E’ successo anche a Veneto Banca, di cui lei è stata per pochi mesi consigliere.
“Chiederle di quotarsi fu un errore decisivo. Non ho mai visto una storia di turnaround passare per la Borsa”.
La soluzione qual era?
“Un partner bancario che mi pareva potesse emergere, o un investitore specializzato con grande esperienza”.
Invece è arrivato Atlante, che non ne aveva.

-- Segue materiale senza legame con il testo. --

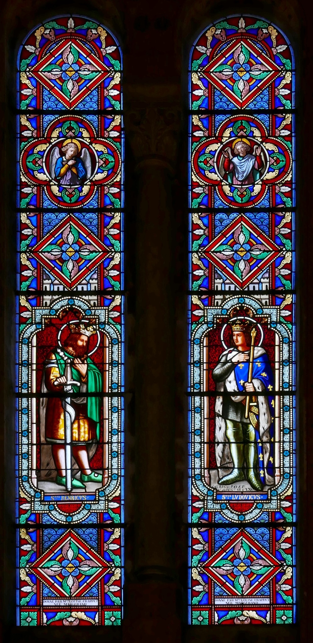 Fenster mit zwei in Rundbogen endenden Lanzetten, die in der unteren Hälfte zwei Könige als Ganzfiguren auf rotem Grund zeigen. Links ist der heilige Heinrich II. (973/978–1024) in goldenem Rock, mit grünem Mantel und einem grossen Schwert dargestellt. Rechts ist der heilige Ludwig IX. (1214–1270) in einer Rüstung und mit einem mit Hermelin verbrämten und mit goldenen Lilien besetzten blauen Mantel zu sehen. In der Hand hält er den Richtstab. Die beiden Namen der Könige finden sich unterhalb der Figuren, die von einem hellblauen Rahmen mit Blatt- und Blütenmuster gefasst sind. Die übrigen Fensterflächen sind mit farbigen geometrischen und architektonischen Motiven und Blattornamenten im Stil der Gotik gestaltet. Im oberen Drittel der Lanzetten je ein Vierpass mit Medaillon und der Halbfigur eines Engels; zuunterst Stifterinschrift.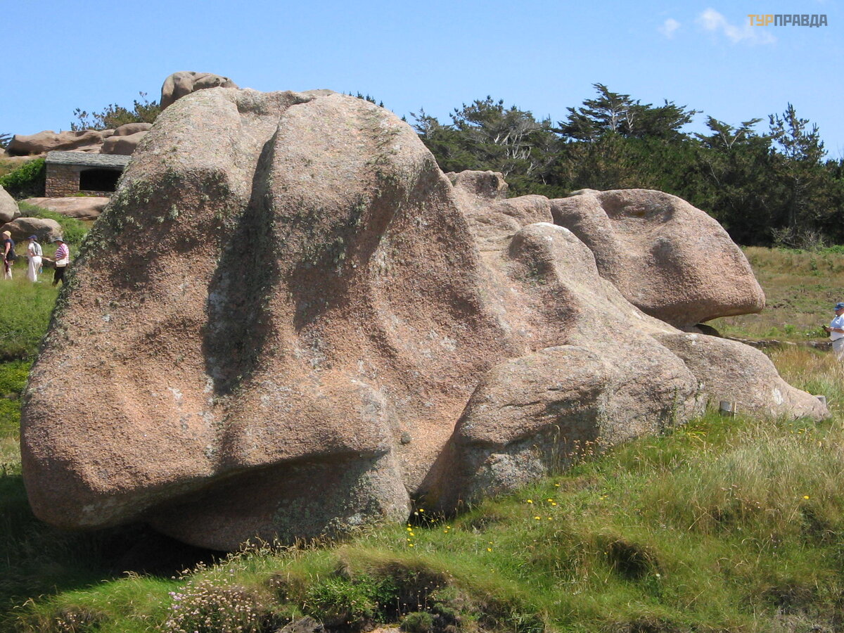 The trail, winding between giant pink granite "figures" (some have names, and everyone who walks finds his own associations, seeing these giant stones), was restored a dozen years ago, this is reported everywhere, tourists are asked not to spoil what they what is restored, i. e. do not turn off the path anywhere. It's probably reasonable. Otherwise, this feeling of savagery will disappear, which, if there were no people constantly walking along the path (and they say there are more than a million a year), would not let go along its entire length. Among the pink granites are the Mean Ruz lighthouse and tidal mills (the first such mills were already here in the 14th century). The 19th century lighthouse was restored after World War II.
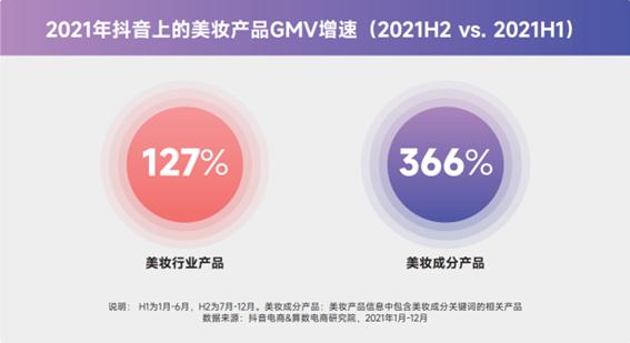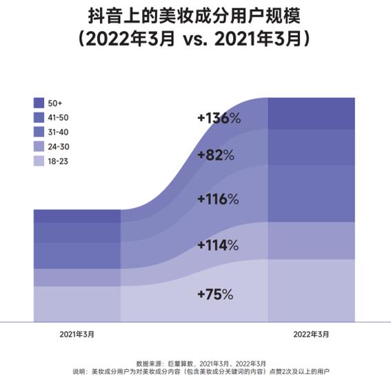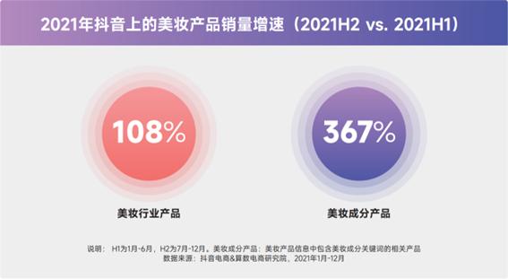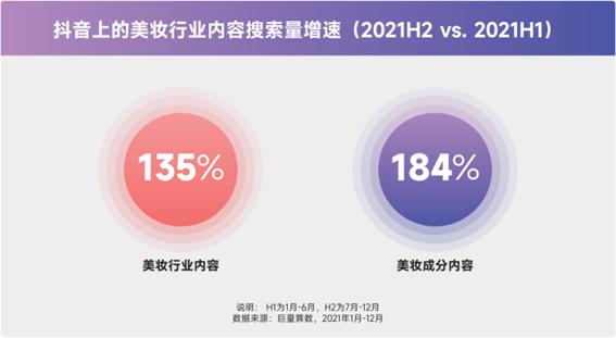 根据算数电商研究院数据,2021年下半年与上半年相比,抖音上的美妆行业内容搜索量环比增速135%,其中美妆成分内容的环比增速184%,超过行业大盘,说明有关“成分”的内容更加受到了用户的主动关注。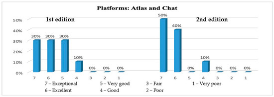 The respondents’ perspective on the platforms used, such as Atlas and Demola Chat, drew consensus from the two groups (Figure 7), despite being more valued by the participants in the second batch, following the same trend thus far.
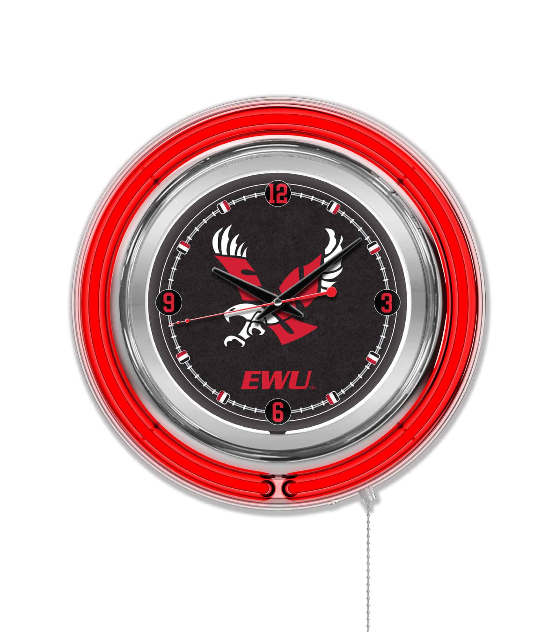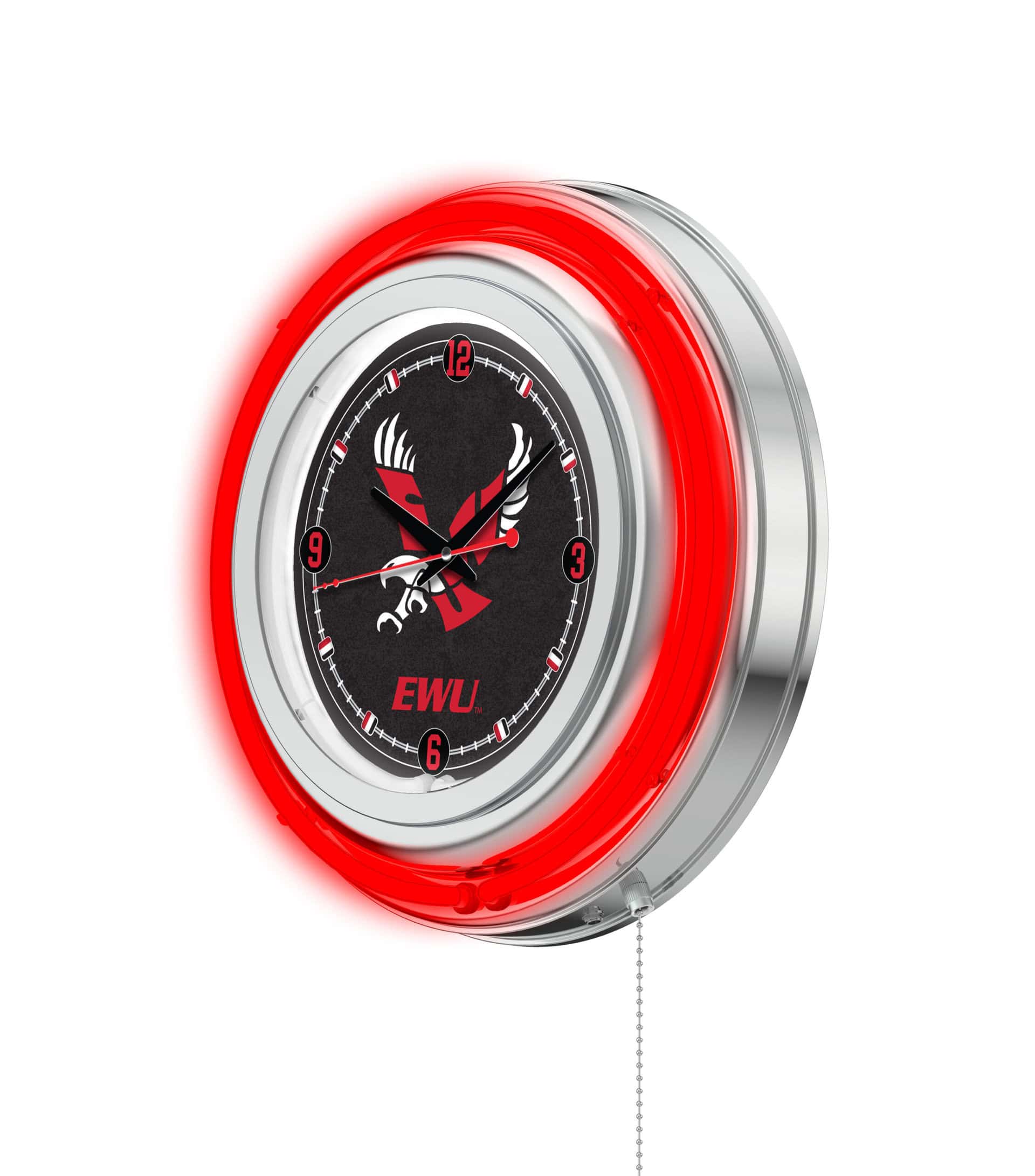 The Eastern Washington University 15-Inch Neon Logo Clock in Chrome is a stunning addition to any man cave, showcasing your school pride with vibrant, full-color artwork. This eye-catching clock features a chrome casing and a neon outer ring in team colors, beautifully illuminating the custom printed clock face with a brilliant white inner neon ring. The neon rings can easily be turned on and off with a convenient pull chain located at the bottom of the clock. Designed for accuracy, this clock operates on a single AA battery (not included), ensuring you always know the time while enjoying the glow of neon.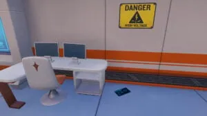 Avanza hacia el sur hasta ver un cartel que dice “Peligro Alta Tensión”, y recoge otra pieza justo debajo del cartel. Finalmente, en el centro de la sala, junto a la planta de fabricación, encontrarás un trípode al lado de una silla. Junta las tres partes para pasar al siguiente objetivo.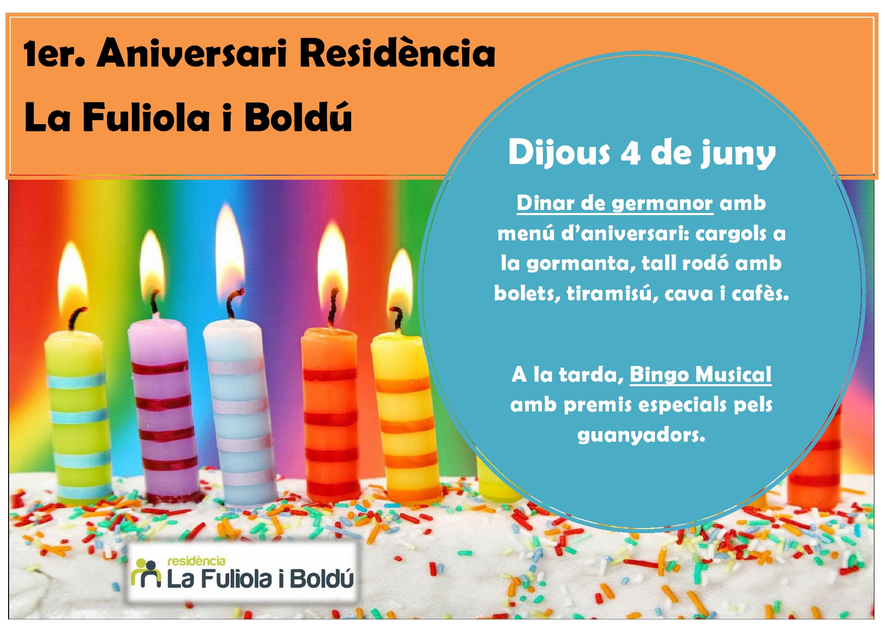 El 4 de junio celebramos el primer aniversario de la Residència la Fuliola i Boldú, y para celebrarlo con nuestros residentes, habrá un menú especial de cumpleaños para chuparse los dedos. Por la tarde habrá sesión de bingo musical. Donde se tendrá que afinar bien el oído para reconocer las diferentes canciones y conseguir los premios especiales que tenemos preparados. Feliz aniversario a todos nuestros residentes y a todo el equipo de profesionales!

“Era meglio aiutare il partner industriale e noi ad alleggerirci delle sofferenze”.
Adesso, come Intesa?
“La vicenda è al capolinea.”
Che altro non va nella vigilanza Ue?
“La direttiva non permette riservatezza e tempestività. Il rodaggio di istituzioni nuove sul sistema più delicato che c’è, quello finanziario, sta mettendo sotto stress un mondo dove da sempre le questioni si risolvono a porte chiuse e nei weekend. In tutto il mondo le banche si salvano grazie ai governi o a un partner”.
Al governo cosa chiede?
“Di ragionare sul futuro del sistema, e sugli strumenti per accompagnarlo. Ammortizzatori sociali per gli esuberi, meccanismi fiscali e giustizia più rapida, per smaltire le sofferenze. Risparmiatori e contributori hanno dato, adesso gli altri facciano la loro parte”.